--- GIVEN DATA ---
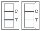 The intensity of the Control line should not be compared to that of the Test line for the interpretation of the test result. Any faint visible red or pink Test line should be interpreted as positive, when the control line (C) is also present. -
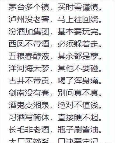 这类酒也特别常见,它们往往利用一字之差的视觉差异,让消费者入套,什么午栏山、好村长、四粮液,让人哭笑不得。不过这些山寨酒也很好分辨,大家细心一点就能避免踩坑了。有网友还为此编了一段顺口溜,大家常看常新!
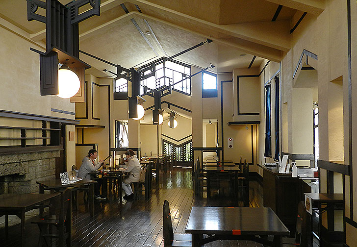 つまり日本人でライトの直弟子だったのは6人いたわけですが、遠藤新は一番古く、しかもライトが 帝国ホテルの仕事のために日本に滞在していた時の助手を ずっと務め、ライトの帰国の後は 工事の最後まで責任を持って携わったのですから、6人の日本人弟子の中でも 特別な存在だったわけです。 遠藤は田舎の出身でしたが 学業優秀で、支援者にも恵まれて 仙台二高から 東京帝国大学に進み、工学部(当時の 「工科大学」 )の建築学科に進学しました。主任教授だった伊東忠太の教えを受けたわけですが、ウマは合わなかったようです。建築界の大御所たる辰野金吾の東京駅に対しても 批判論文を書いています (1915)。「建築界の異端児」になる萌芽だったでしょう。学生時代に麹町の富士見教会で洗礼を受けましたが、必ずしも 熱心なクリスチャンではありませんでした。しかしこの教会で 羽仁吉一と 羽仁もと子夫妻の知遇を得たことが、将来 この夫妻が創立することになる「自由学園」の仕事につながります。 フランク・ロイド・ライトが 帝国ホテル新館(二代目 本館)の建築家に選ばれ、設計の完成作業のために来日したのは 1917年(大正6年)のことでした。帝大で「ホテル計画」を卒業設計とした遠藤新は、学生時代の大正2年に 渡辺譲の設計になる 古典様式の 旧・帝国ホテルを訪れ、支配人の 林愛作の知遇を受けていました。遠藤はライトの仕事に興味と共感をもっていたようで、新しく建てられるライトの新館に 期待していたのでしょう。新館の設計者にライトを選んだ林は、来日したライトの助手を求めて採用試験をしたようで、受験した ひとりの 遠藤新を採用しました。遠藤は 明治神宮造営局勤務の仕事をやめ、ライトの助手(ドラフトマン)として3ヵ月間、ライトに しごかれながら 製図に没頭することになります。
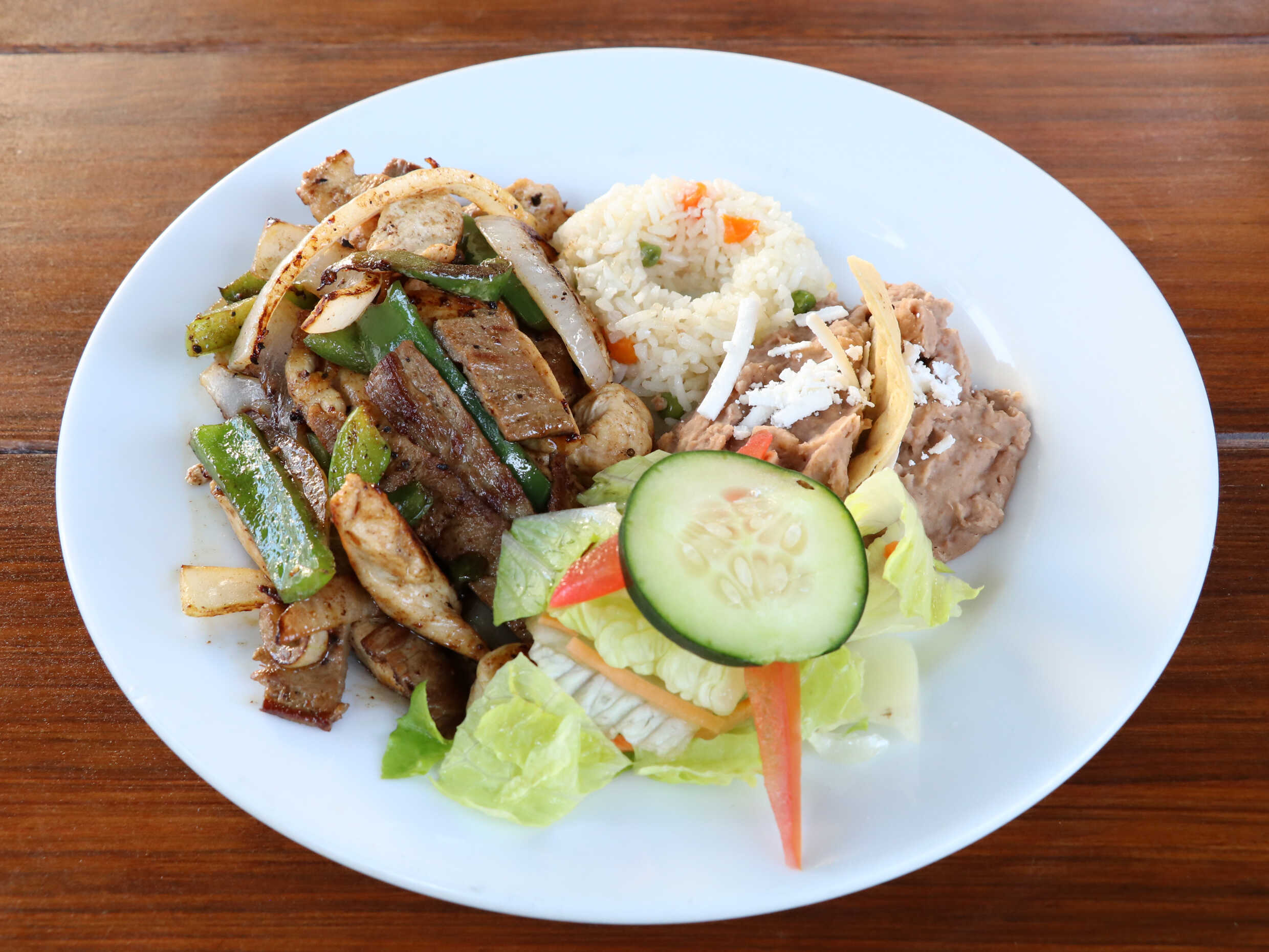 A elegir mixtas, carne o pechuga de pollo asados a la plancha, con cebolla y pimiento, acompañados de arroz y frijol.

--- WHAT THE TASK REQUIRES ---
Each line from the one with "这类酒也特别常见,它们往往利" to the last line of the listing should be returned exactly, both ends included, and no picture with them.

--- ANSWER TO THIS PROBLEM ---
 这类酒也特别常见,它们往往利用一字之差的视觉差异,让消费者入套,什么午栏山、好村长、四粮液,让人哭笑不得。不过这些山寨酒也很好分辨,大家细心一点就能避免踩坑了。有网友还为此编了一段顺口溜,大家常看常新!
 つまり日本人でライトの直弟子だったのは6人いたわけですが、遠藤新は一番古く、しかもライトが 帝国ホテルの仕事のために日本に滞在していた時の助手を ずっと務め、ライトの帰国の後は 工事の最後まで責任を持って携わったのですから、6人の日本人弟子の中でも 特別な存在だったわけです。 遠藤は田舎の出身でしたが 学業優秀で、支援者にも恵まれて 仙台二高から 東京帝国大学に進み、工学部(当時の 「工科大学」 )の建築学科に進学しました。主任教授だった伊東忠太の教えを受けたわけですが、ウマは合わなかったようです。建築界の大御所たる辰野金吾の東京駅に対しても 批判論文を書いています (1915)。「建築界の異端児」になる萌芽だったでしょう。学生時代に麹町の富士見教会で洗礼を受けましたが、必ずしも 熱心なクリスチャンではありませんでした。しかしこの教会で 羽仁吉一と 羽仁もと子夫妻の知遇を得たことが、将来 この夫妻が創立することになる「自由学園」の仕事につながります。 フランク・ロイド・ライトが 帝国ホテル新館(二代目 本館)の建築家に選ばれ、設計の完成作業のために来日したのは 1917年(大正6年)のことでした。帝大で「ホテル計画」を卒業設計とした遠藤新は、学生時代の大正2年に 渡辺譲の設計になる 古典様式の 旧・帝国ホテルを訪れ、支配人の 林愛作の知遇を受けていました。遠藤はライトの仕事に興味と共感をもっていたようで、新しく建てられるライトの新館に 期待していたのでしょう。新館の設計者にライトを選んだ林は、来日したライトの助手を求めて採用試験をしたようで、受験した ひとりの 遠藤新を採用しました。遠藤は 明治神宮造営局勤務の仕事をやめ、ライトの助手(ドラフトマン)として3ヵ月間、ライトに しごかれながら 製図に没頭することになります。
 A elegir mixtas, carne o pechuga de pollo asados a la plancha, con cebolla y pimiento, acompañados de arroz y frijol.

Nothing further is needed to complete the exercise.